In 2015, this painting among other Botticelli paintings was in an exhibition that opened in Berlin before moving to London. It showcased Botticelli’s works and other artists’ renditions of his paintings such as his The Birth of Venus.
If given by Lorenzo de' Medici for his cousin's wedding, the two figures may represent the couple, aside from any other interpretations. The lands of the bride's father, lord of Piombino on the Ligurian coast, and the island of Elba just off it, might be considered as part of Camilla's hunting grounds. A possible interpretation of the painting is that Lorenzo de' Medici, if he was the main commissioner of this artwork, is represented by Pallas as he is overcoming the greed surrounding him – represented by the centaur – when he made a bold journey to Naples to reverse alliances and end the Pazzi War. The Italian for the balls in the Medici coat of arms is palle, and their supporters were sometimes called palleschi, which adds to the plausibility of political interpretations.
Pallas is a figure of reason, restraining the beast of our nature – also represented by the centaur – by the hair and looking at it with no fear. This has been connected with Sigmund Freud’s theory of the unconscious, and also to the Renaissance Neo-Platonist Marsilio Ficino's idea of the human soul as part animal and part human.
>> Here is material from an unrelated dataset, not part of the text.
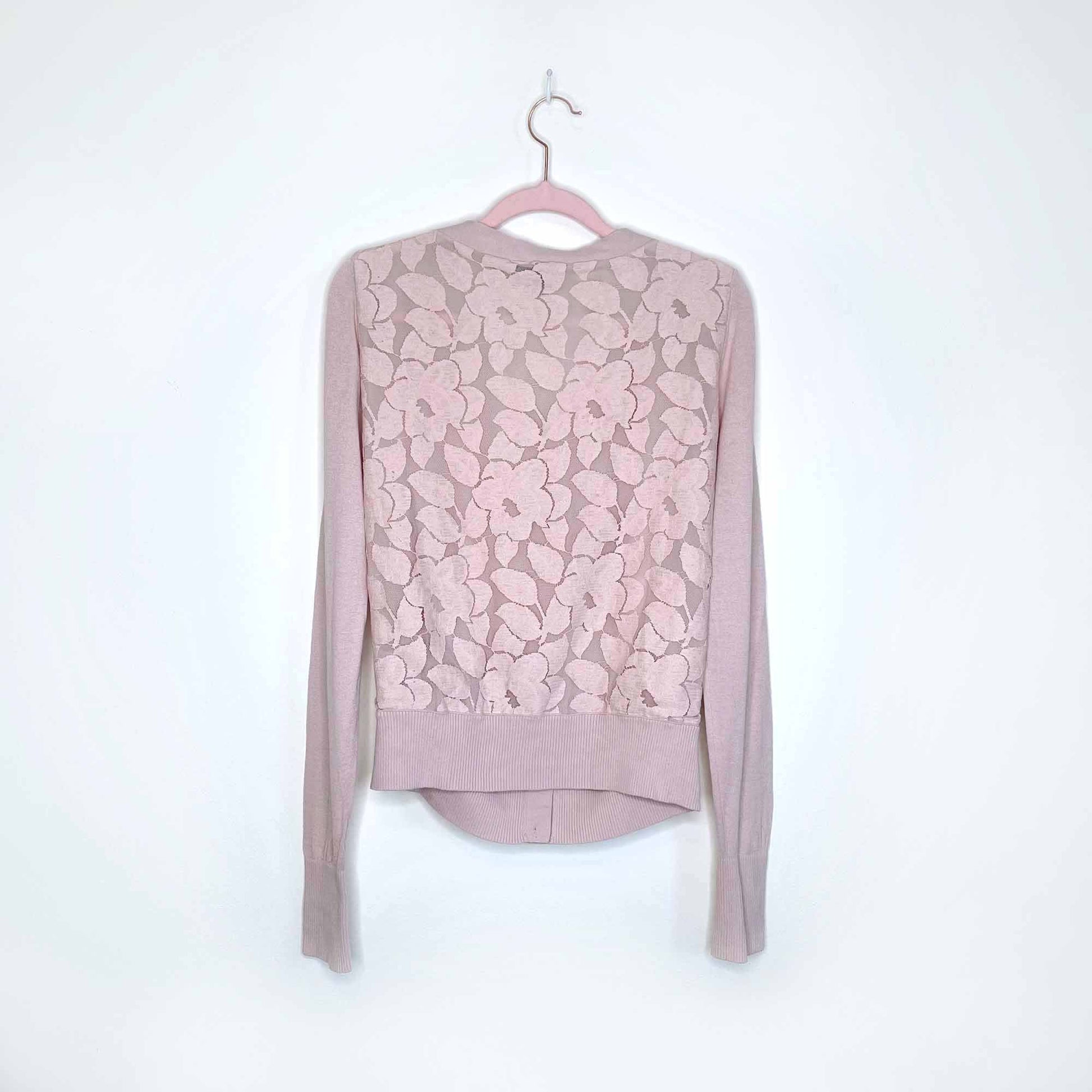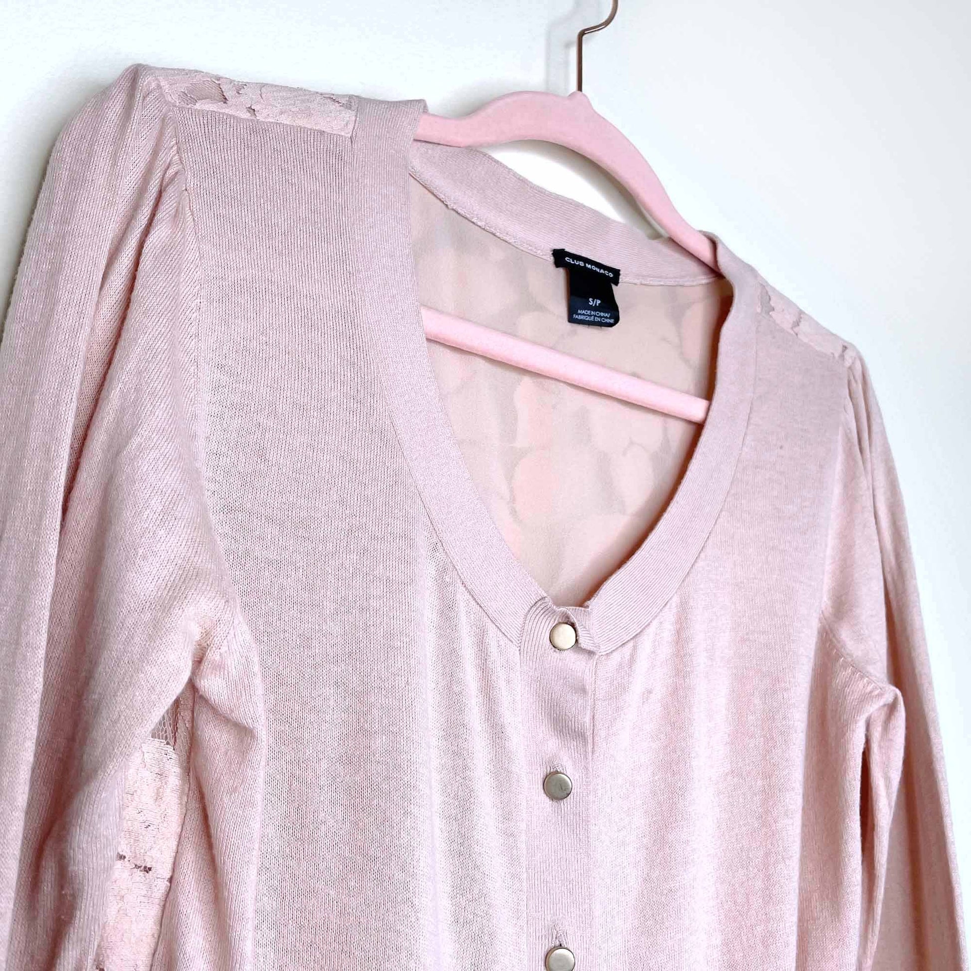 club monaco pink cardigan with lace back - size small
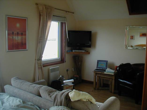 The sitting area looked at a big flat screen telly and the view over ‘Swan Loch’

It has been interpreted as an allegory on the peace after the Pazzi wars.
Frothingham posited that Botticelli’s idea for the painting could have come from an image in the Chronography of 354, a Roman calendar by Furius Dionysius Filocalus, the secretary to Pope Damasus I. The calendar depicts the personification of the city of Trier as a female warrior with a spear and shield holding the hair of a male figure with a bow and arrows by his feet. The male is smaller than the female and looks as if he is trying to escape her grasp. The two works are very similar and it is possible Botticelli got his idea for his painting from this image, having seen a copy.
There are three drawings in Botticelli's style of Pallas, which may possibly be early ideas for the painting, though none are very close to the final figure, and all seem to be studies for a single standing figure. In two she carries a large olive branch and holds a helmet. They are in the Uffizi, the Ashmolean Museum in Oxford, and the Pinacoteca Ambrosiana in Milan.